1 von 1 Usern fanden diesen Bericht hilfreich, 0 von 0 Usern stimmten diesem Bericht zu.

REISEBERICHT ECOLODGE MARSA SHAGRA
Das Camp
Apropos vegetarisches Essen, das gab es auch in Marsa Shagra. Wir hatten, wie auf der Website gewünscht, vorher angekündigt, dass wir Vegetarier sind. Es gab dann jeden Tag genügend Auswahl an fleischloser Kost. Das vegetarische Essen war nicht schlechter als das fleischige. Am Ankunftstag haben sie mit dem Buffet solange gewartet bis auch wir endlich gegessen hatten.

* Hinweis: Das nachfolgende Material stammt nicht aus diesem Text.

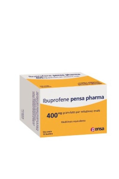 AvvertenzeIn pazienti asmatici l’ibuprofene deve essere utilizzato con cautela, dopo aver consultato il medico. L’uso di IBUPROFENE PENSA PHARMA, come di qualsiasi farmaco inibitore della sintesi delle prostaglandine e della cicloossigenasi è sconsigliato nelle donne che intendano iniziare una gravidanza. La somministrazione di IBUPROFENE PENSA PHARMA dovrebbe essere sospesa nelle donne che hanno problemi di fertilità o che sono sottoposte a indagini sulla fertilità. L’uso di IBUPROFENE PENSA PHARMA deve essere evitato in concomitanza di FANS, inclusi gli inibitori selettivi della COX–2. Gli effetti indesiderati possono essere minimizzati con l’uso della più bassa dose efficace per la più breve durata possibile di trattamento che occorre per controllare i sintomi (vedere i paragrafi sottostanti sui rischi gastrointestinali e cardiovascolari). Effetti cardiovascolari e cerebrovascolari: Studi clinici suggeriscono che l’uso di ibuprofene, specialmente ad alte dosi (2400 mg/die), può essere associato a un modesto aumento del rischio di eventi trombotici arteriosi (es. infarto del miocardio o ictus). In generale, gli studi epidemiologici non suggeriscono che basse dosi di ibuprofene (es. ≤ 1200 mg/die) siano associate a un aumento del rischio di eventi trombotici arteriosi. I pazienti con ipertensione non controllata, insufficienza cardiaca congestizia (II–III classe NYHA), cardiopatia ischemica accertata, malattia arteriosa periferica e/o malattia cerebrovascolare devono essere trattati con ibuprofene soltanto dopo attenta considerazione e si devono evitare dosi elevate (2400 mg/die). Attenta considerazione deve essere esercitata anche prima di avviare al trattamento a lungo termine i pazienti con fattori di rischio per eventi cardiovascolari (es. ipertensione, iperlipidemia, diabete mellito, abitudine al fumo di sigaretta), soprattutto se sono necessarie dosi elevate (2400 mg/die) di ibuprofene. Anziani : i pazienti anziani hanno un aumento della frequenza di reazioni avverse ai FANS, specialmente emorragie e perforazioni gastrointestinali, che possono essere fatali (vedere paragrafo 4.2). Emorragia gastrointestinale, ulcerazione e perforazione : durante il trattamento con tutti i FANS, in qualsiasi momento, con o senza sintomi di preavviso o precedente storia di gravi eventi gastrointestinali, sono state riportate emorragia gastrointestinale, ulcerazione e perforazione, che possono essere fatali. Negli anziani e in pazienti con storia di ulcera, soprattutto se complicata da emorragia o perforazione (vedere paragrafo 4.3), il rischio di emorragia gastrointestinale, ulcerazione o perforazione è più alto con dosi aumentate di FANS. Questi pazienti devono iniziare il trattamento con la più bassa dose disponibile. L’uso concomitante di agenti protettori (misoprostolo o inibitori di pompa protonica) deve essere considerato per questi pazienti e anche per pazienti che assumono basse dosi di aspirina, acido acetilsalicilico o altri farmaci che possono aumentare il rischio di eventi gastrointestinali (vedere sotto e paragrafo 4.5). Pazienti con storia di tossicità gastrointestinale, in particolare anziani, devono riferire qualsiasi sintomo gastrointestinale inusuale (soprattutto emorragia gastrointestinale) in particolare nelle fasi iniziali del trattamento. Controllare attentamente i pazienti che assumono farmaci concomitanti che potrebbero aumentare il rischio di ulcerazione o emorragia, come corticosteroidi orali, anticoagulanti come warfarin, inibitori selettivi del reuptake della serotonina o agenti antiaggreganti come l’acido acetilsalicilico (vedere paragrafo 4.5). Quando si verifica emorragia o ulcerazione gastrointestinale in pazienti che assumono IBUPROFENE PENSA PHARMA il trattamento deve essere sospeso. I FANS devono essere somministrati con cautela nei pazienti con una storia di malattia gastrointestinale (colite ulcerosa, morbo di Crohn) poiché tali condizioni possono essere esacerbate (vedere paragrafo 4.8 – Effetti indesiderati). Cautela è richiesta prima di iniziare il trattamento nei pazienti con anamnesi positiva per ipertensione e/o insufficienza cardiaca poiché in associazione al trattamento con i FANS sono stati riscontrati ritenzione di liquidi, ipertensione ed edema. Gravi reazioni cutanee alcune delle quali fatali, includenti dermatite esfoliativa, sindrome di Stevens–Johnson e necrolisi tossica epidermica, sono state riportate molto raramente in associazione con l’uso dei FANS (vedere paragrafo 4.8). Nelle prime fasi della terapia i pazienti sembrano essere a più alto rischio: l’insorgenza della reazione si verifica nella maggior parte dei casi entro il primo mese di trattamento. IBUPROFENE PENSA PHARMA deve essere interrotto alla prima comparsa di rash cutaneo, lesioni della mucosa o qualsiasi altro segno di ipersensibilità. Rischio di alterazione della funzionalità renale in bambini e adolescenti disidratati. IBUPROFENE PENSA PHARMA 400 mg granulato per soluzione orale contiene: – saccarosio: pazienti con problemi di rara malattia ereditaria al fruttosio, malassorbimento di glucosio e galattosio e insufficienza di saccarasi–isomaltasi non devono assumere questo medicinale. – aspartame, una fonte di fenilalanina. Pertanto è controindicato nei soggetti con fenilchetonuria. – 45 mg di sodio (1,9 mmol) per bustina. Di ciò devono tenere conto i pazienti con ridotta funzionalità renale o in dieta iposodica. – 90 mg di potassio (2,3 mmol) per bustina. Da tenere in considerazione in persone con ridotta funzionalità renale o che seguono una dieta ipopotassica.

Wir hatten ii der Ecolodge Shagra Village (so der offizielle Name auf der Webseite) die Beduinenzelte als Unterkunft gebucht. Sie waren schließlich ein Grund für das Camp gewesen, wir wollten mal etwas anderes probieren als Hotelübernachtungen mit Klimaanlage.

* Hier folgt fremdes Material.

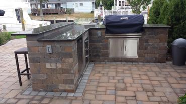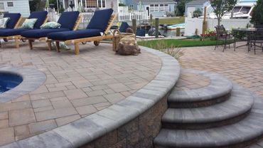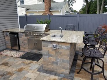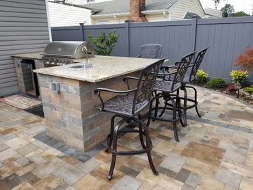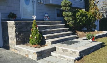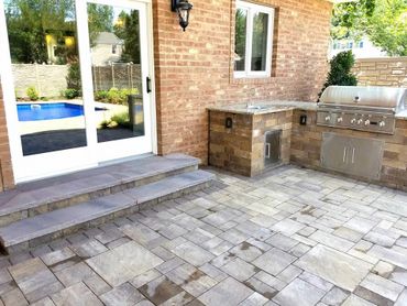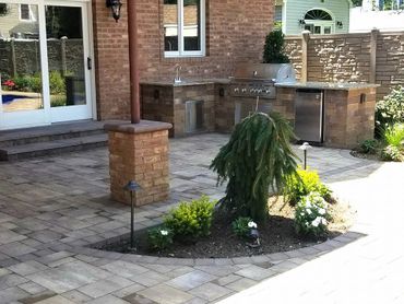 We do all of our custom masonry installations with our own in-house crews. Our expert masons can create custom outdoor fireplaces, kitchens, decks and patios, retaining walls, steps, stoops and driveways.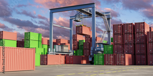 © Grispb, Obraz premium Container crane lifting cargo containers in a busy shipping yard at sunset, representing logistics, transportation, export, import and global trade operations. 3d image.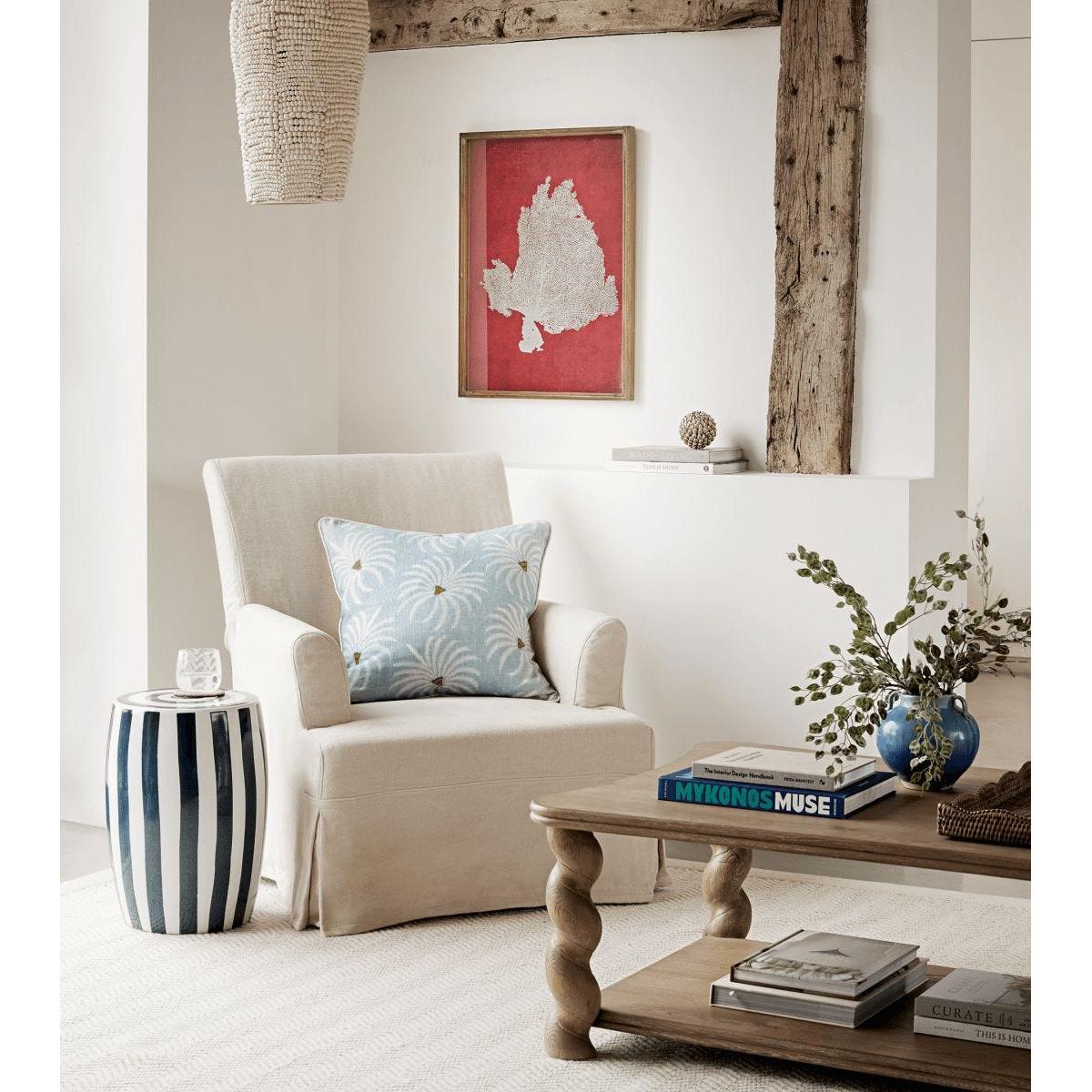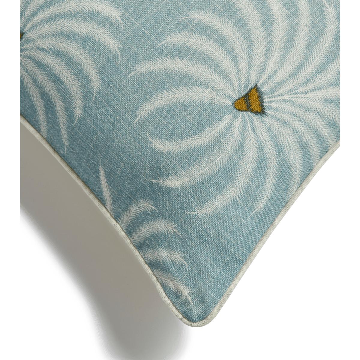 Celebrating a species of palm plant, the Jussara Cushion Cover emphasises the beautiful form of the palm’s leaves by taking inspiration from the prints of antique Indian textiles. Applied to a heavy, quality linen ground with a wonderful texture, the leafy sea-green design also features a touch of golden yellow for an extra pop of colour. Due to the artisanal processes used to create these designs, there may be some colour and pattern variation between each piece – all part of their charm.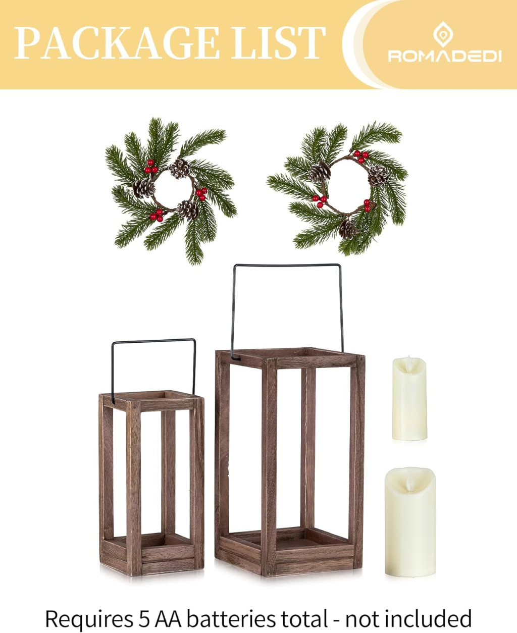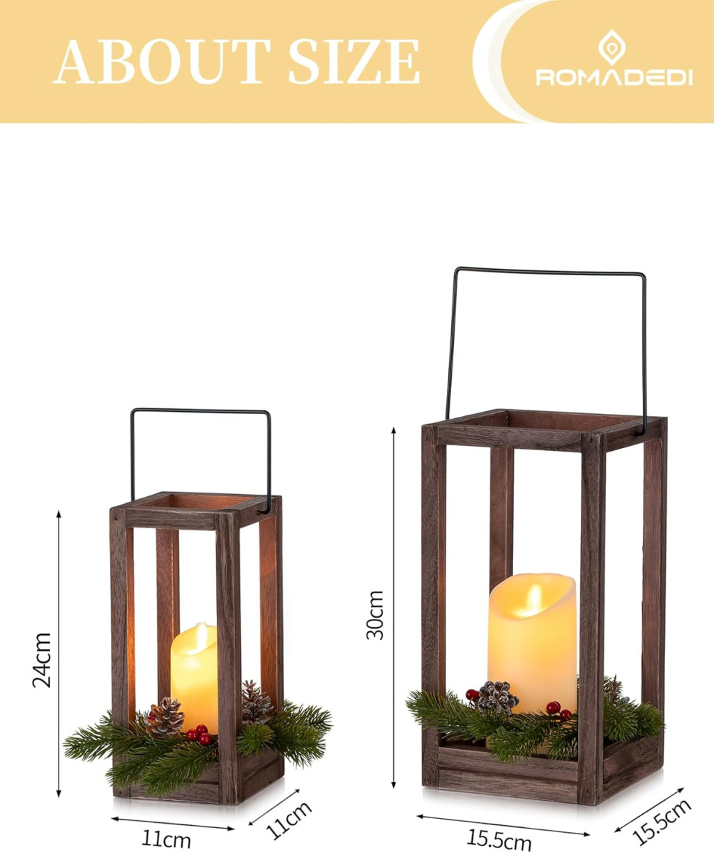 - Set de două piese: Lămpi din lemn de 30 cm și 24 cm înălțime, fiecare cu propria lumânare LED și ghirlandă de Crăciun

Unser Zelt stand in der ersten Reihe und wir hatten von unseren Betten frei Sicht auf Sonnenaufgang und Meer. Nachts bekamen wir dann Besuch von netten Einsiedlerkrebsen. Es war richtig romantisch. Die Zelte waren zwar spartanisch eingerichtet boten aber ein viel besseres Raumklima als die Huts genannten einfachen Hütten. Die Chalets, besser ausgestattete Bungalows, hatten Klimaanlage, wären sonst aber auch heißer als die Zelte gewesen und waren eine halbe Weltreise von Meer und Essen entfernt. Für Riesen wären die Betten bestimmt etwas klein aber für uns genau passend. Wir werden aber das nächste Mal Schlafsäcke mitnehmen. Morgens um 4 ist es mit rund 22°C im Vergleich zum Tag doch recht kühl, außerdem roch die Bettwäsche immer leicht muffig nach Mottenpulver – eigentlich der einzige Minuspunkt an der Unterkunft. Die Zelte wurden aber immer aufgeräumt, die Betten gemacht und der Teppich von den Boys ausgefegt. x
Die Gemeinschaftsduschen und Toiletten waren sehr sauber. Es saß immer ein ägyptischer Boy vor dem Häuschen und hat bei Bedarf und auch öfter geputzt..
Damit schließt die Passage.